# Input data:
※

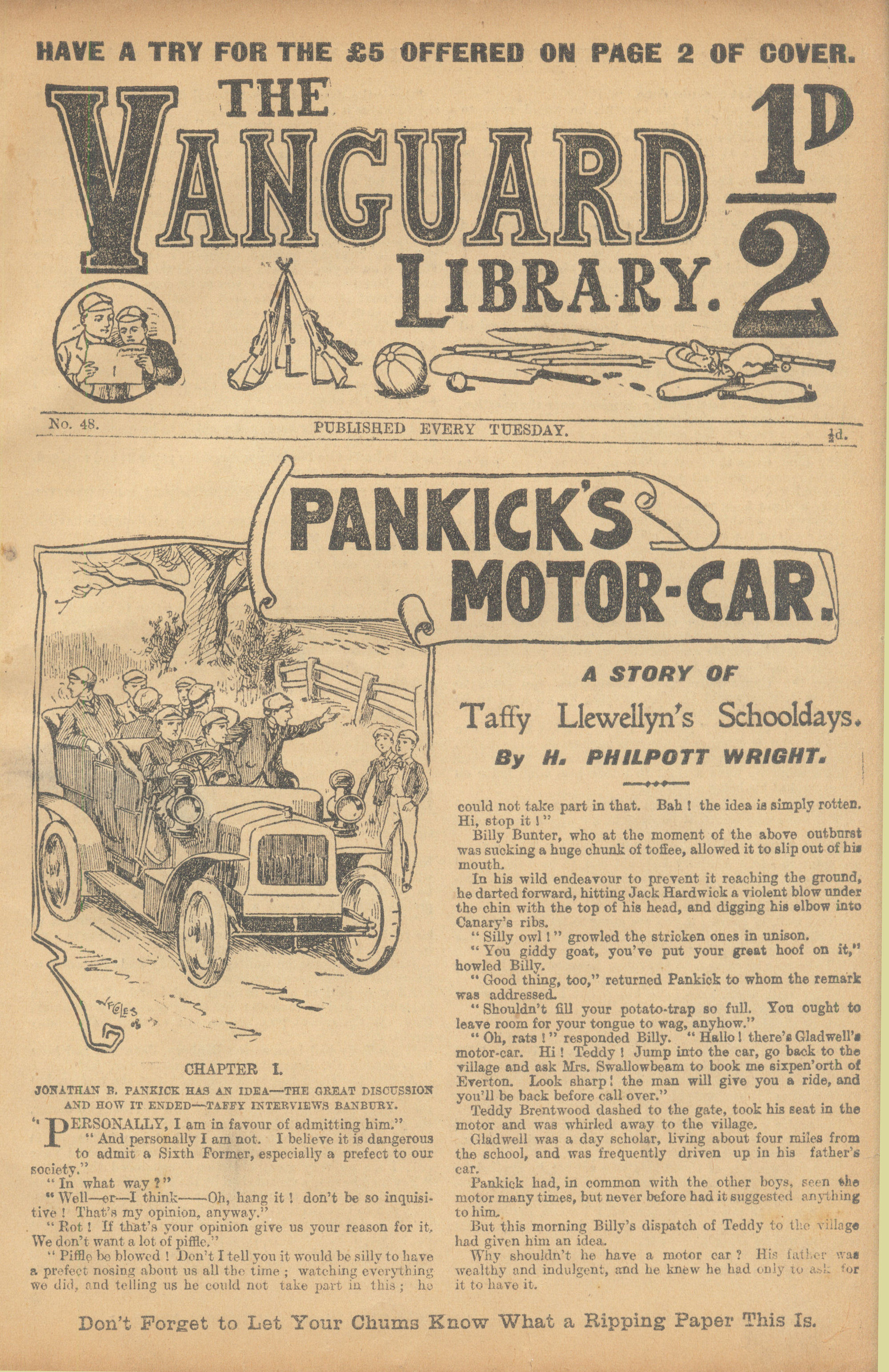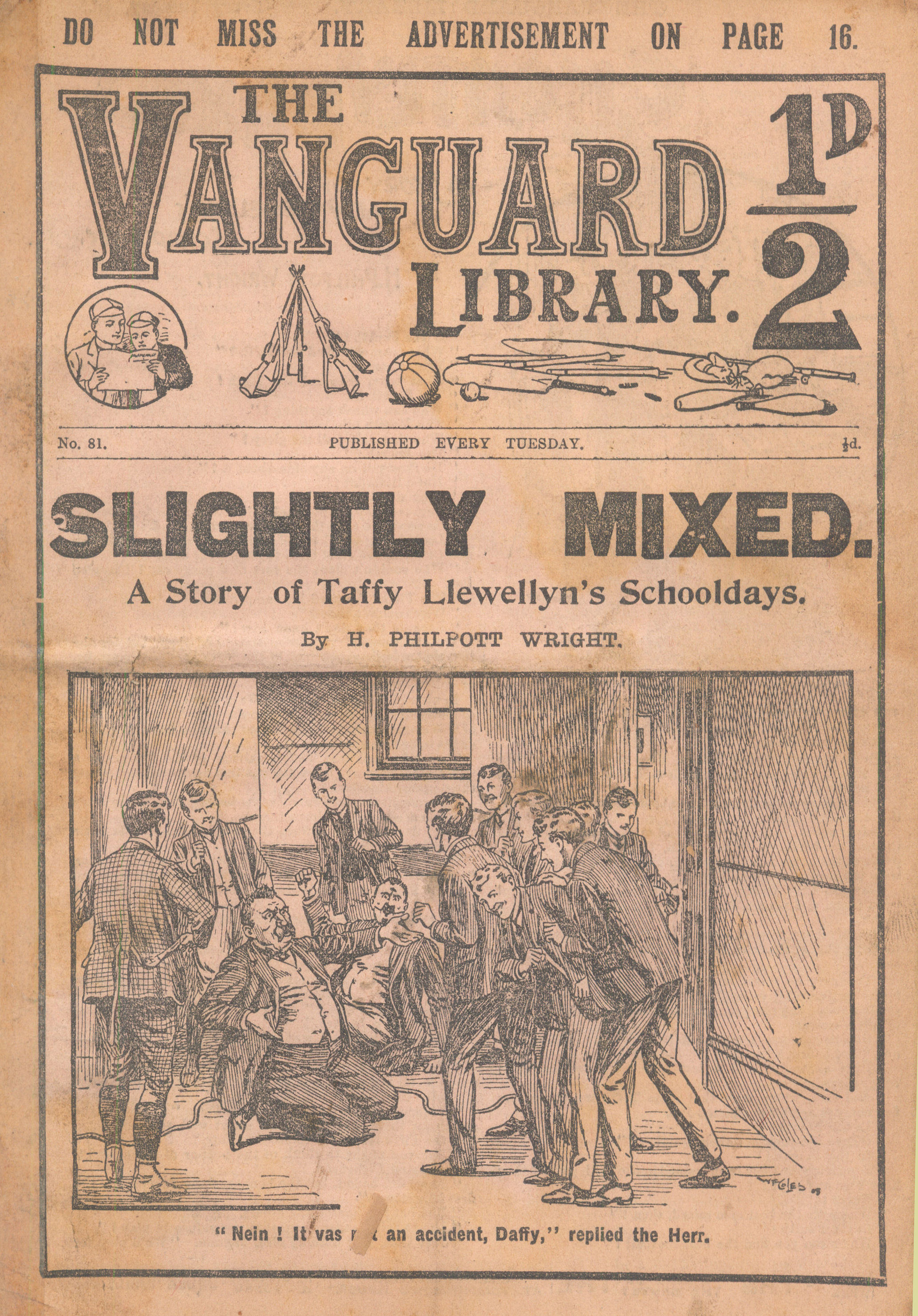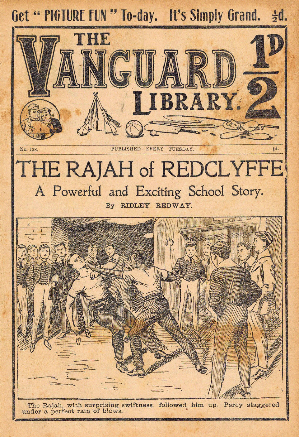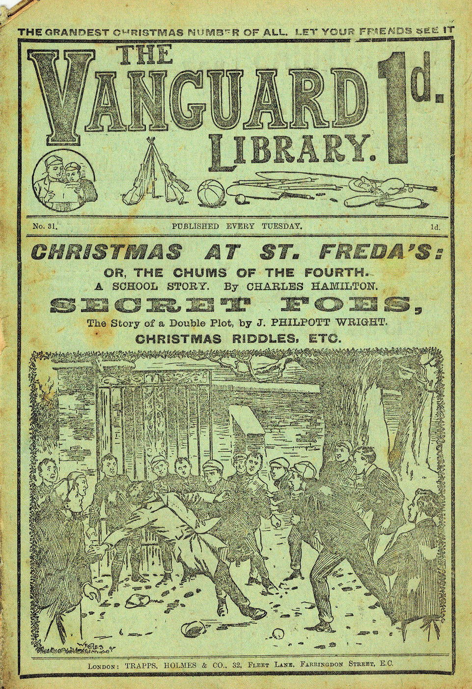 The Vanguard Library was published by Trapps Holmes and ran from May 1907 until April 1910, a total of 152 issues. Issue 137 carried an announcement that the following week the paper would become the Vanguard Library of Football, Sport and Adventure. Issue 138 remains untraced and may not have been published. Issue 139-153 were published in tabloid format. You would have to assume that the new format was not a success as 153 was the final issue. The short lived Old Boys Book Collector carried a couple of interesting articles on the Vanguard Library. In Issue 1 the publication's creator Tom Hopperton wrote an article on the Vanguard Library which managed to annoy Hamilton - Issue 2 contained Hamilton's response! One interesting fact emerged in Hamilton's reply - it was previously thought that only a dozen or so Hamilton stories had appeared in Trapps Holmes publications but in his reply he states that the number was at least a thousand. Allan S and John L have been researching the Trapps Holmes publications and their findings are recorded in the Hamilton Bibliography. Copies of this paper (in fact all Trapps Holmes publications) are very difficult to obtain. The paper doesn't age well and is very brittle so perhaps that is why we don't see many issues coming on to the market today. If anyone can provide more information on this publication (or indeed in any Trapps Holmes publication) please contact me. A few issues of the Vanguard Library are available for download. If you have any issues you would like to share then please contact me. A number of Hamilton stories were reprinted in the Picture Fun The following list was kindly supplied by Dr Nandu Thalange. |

※

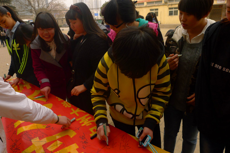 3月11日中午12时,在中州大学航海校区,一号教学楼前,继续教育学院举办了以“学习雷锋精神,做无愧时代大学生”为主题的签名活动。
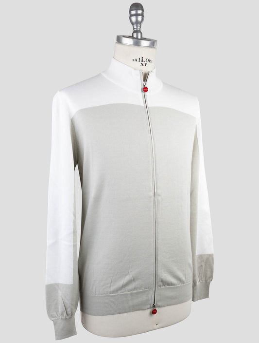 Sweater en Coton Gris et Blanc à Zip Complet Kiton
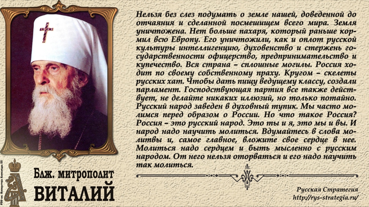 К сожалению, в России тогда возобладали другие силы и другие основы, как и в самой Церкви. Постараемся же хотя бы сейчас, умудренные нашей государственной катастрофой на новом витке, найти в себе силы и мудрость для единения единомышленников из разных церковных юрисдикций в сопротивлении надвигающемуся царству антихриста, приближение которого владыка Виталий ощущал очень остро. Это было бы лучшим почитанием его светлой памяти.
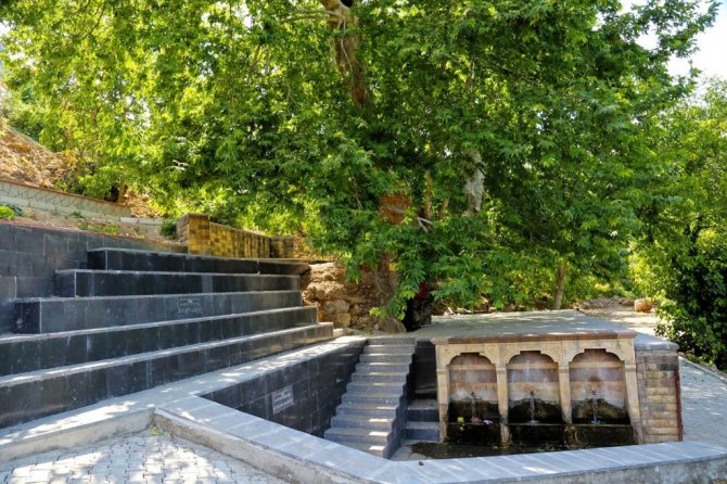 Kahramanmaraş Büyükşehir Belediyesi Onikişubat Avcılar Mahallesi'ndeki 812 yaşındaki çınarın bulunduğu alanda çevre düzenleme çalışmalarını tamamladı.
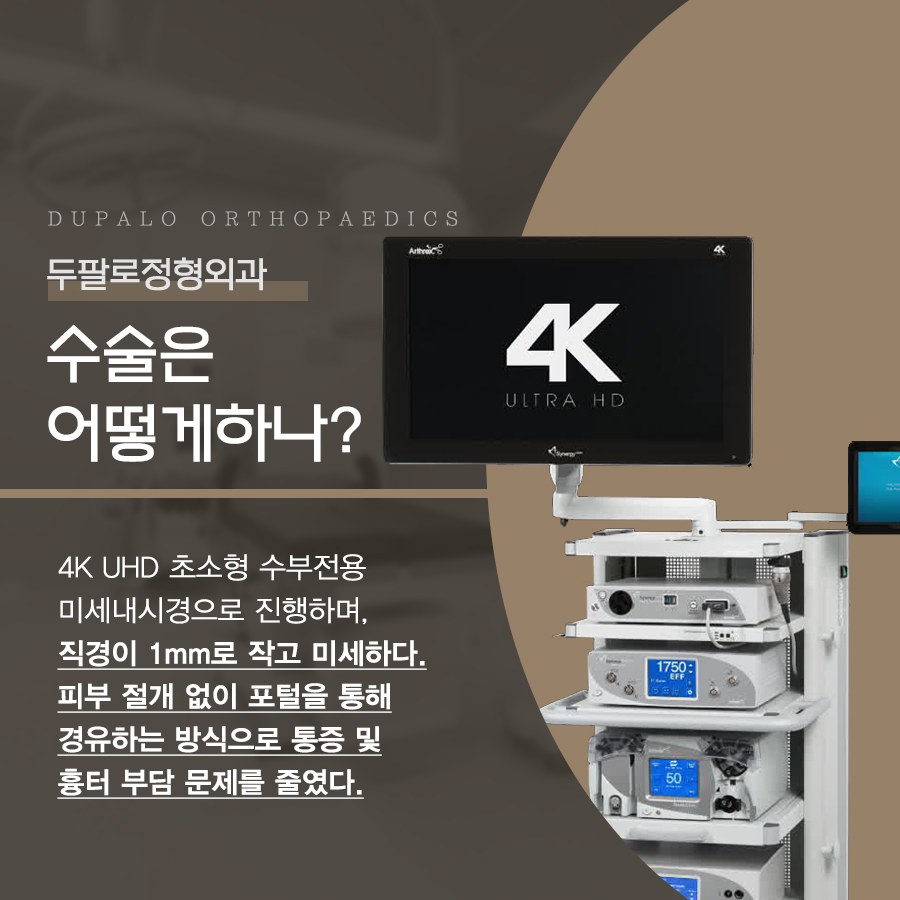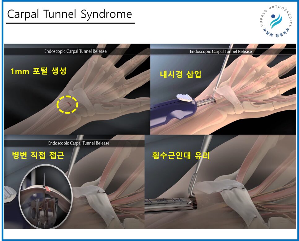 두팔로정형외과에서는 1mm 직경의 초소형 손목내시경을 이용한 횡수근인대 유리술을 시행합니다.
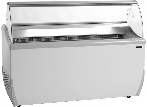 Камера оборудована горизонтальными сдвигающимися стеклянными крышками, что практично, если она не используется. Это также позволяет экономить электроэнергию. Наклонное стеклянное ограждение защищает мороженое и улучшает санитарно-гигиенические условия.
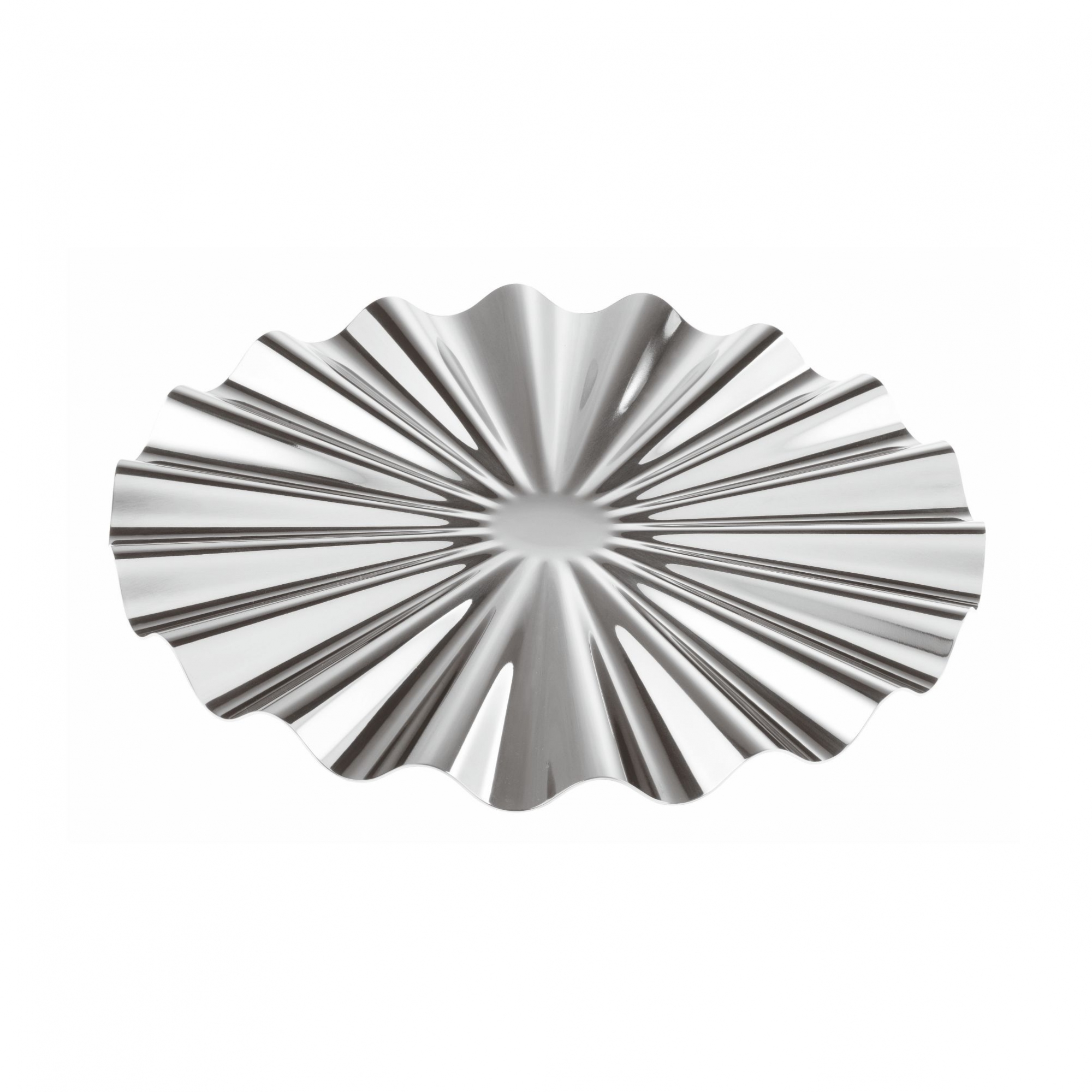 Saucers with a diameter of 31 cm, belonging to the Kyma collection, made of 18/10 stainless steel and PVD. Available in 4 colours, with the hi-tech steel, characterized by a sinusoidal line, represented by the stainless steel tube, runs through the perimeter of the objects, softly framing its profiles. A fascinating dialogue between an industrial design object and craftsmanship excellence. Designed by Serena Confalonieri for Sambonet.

※

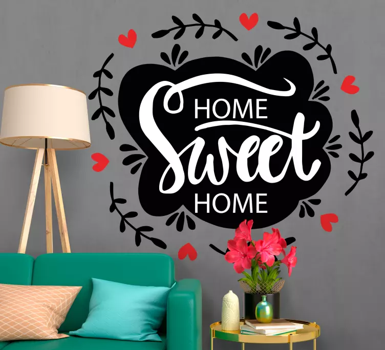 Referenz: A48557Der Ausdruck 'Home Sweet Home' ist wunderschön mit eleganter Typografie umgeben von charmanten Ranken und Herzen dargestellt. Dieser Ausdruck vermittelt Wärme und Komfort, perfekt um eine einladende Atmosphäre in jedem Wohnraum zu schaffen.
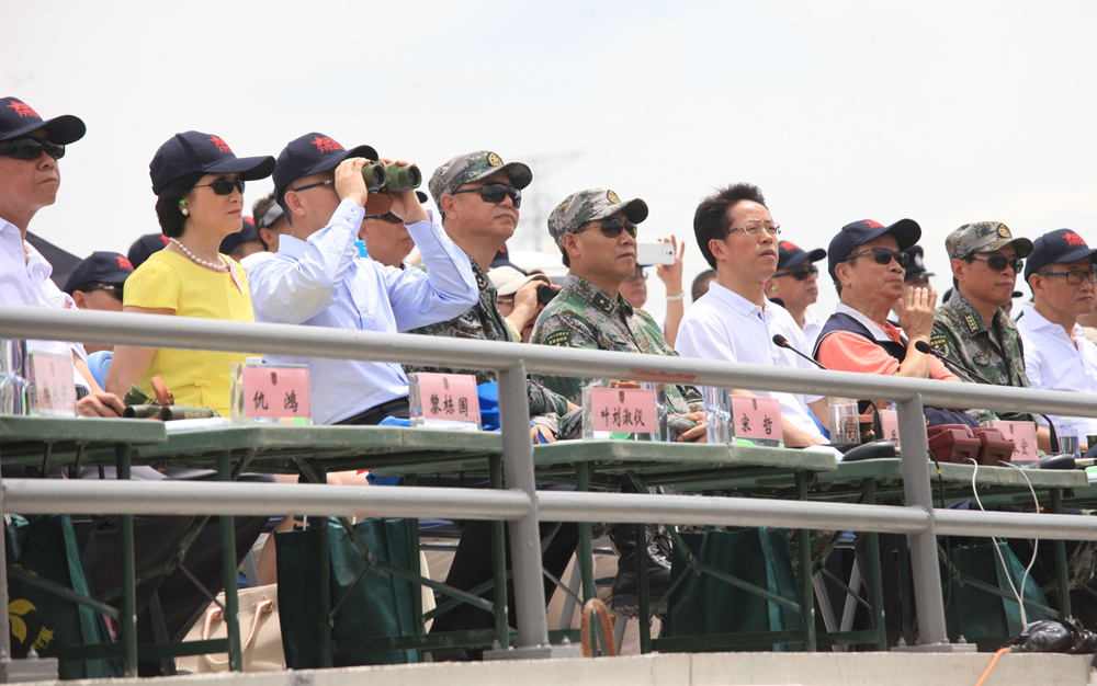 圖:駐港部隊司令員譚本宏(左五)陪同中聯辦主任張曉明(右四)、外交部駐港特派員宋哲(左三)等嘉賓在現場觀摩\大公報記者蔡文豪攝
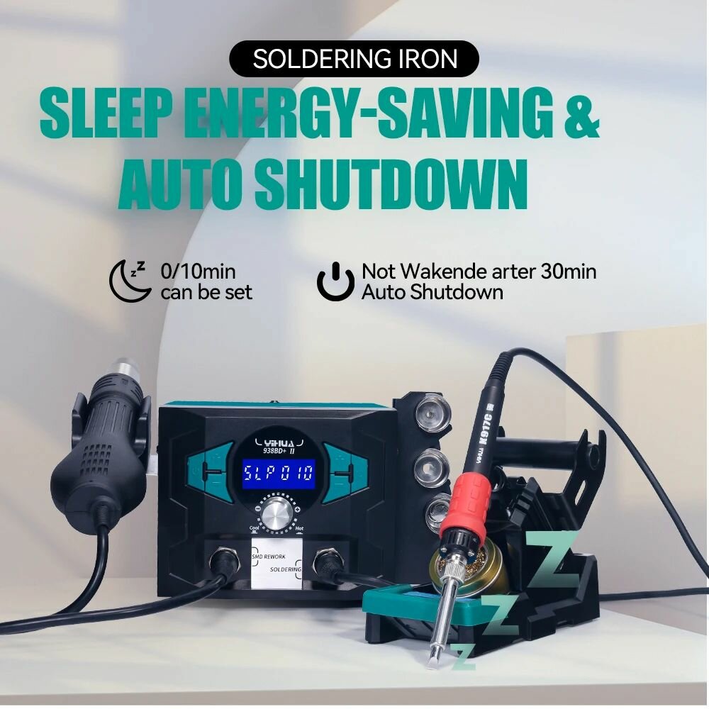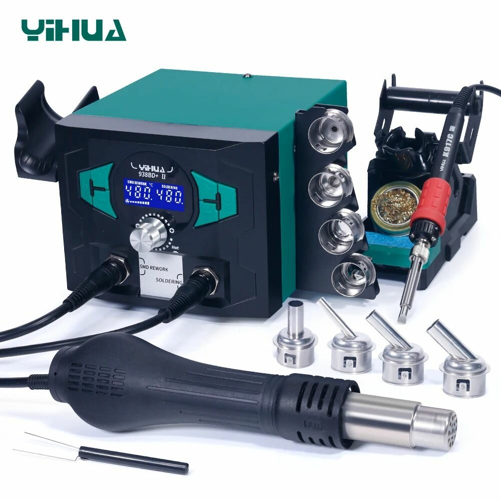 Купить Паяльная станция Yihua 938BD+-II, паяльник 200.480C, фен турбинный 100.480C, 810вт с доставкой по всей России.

※

# Your assignment:
In the listing above, the required lines run from the line with "두팔로정형외과에서는 1mm 직경의" through the line with "Камера оборудована горизонтальными". Output exactly those lines, omitting pictures.

# Your response:
 두팔로정형외과에서는 1mm 직경의 초소형 손목내시경을 이용한 횡수근인대 유리술을 시행합니다.
 Камера оборудована горизонтальными сдвигающимися стеклянными крышками, что практично, если она не используется. Это также позволяет экономить электроэнергию. Наклонное стеклянное ограждение защищает мороженое и улучшает санитарно-гигиенические условия.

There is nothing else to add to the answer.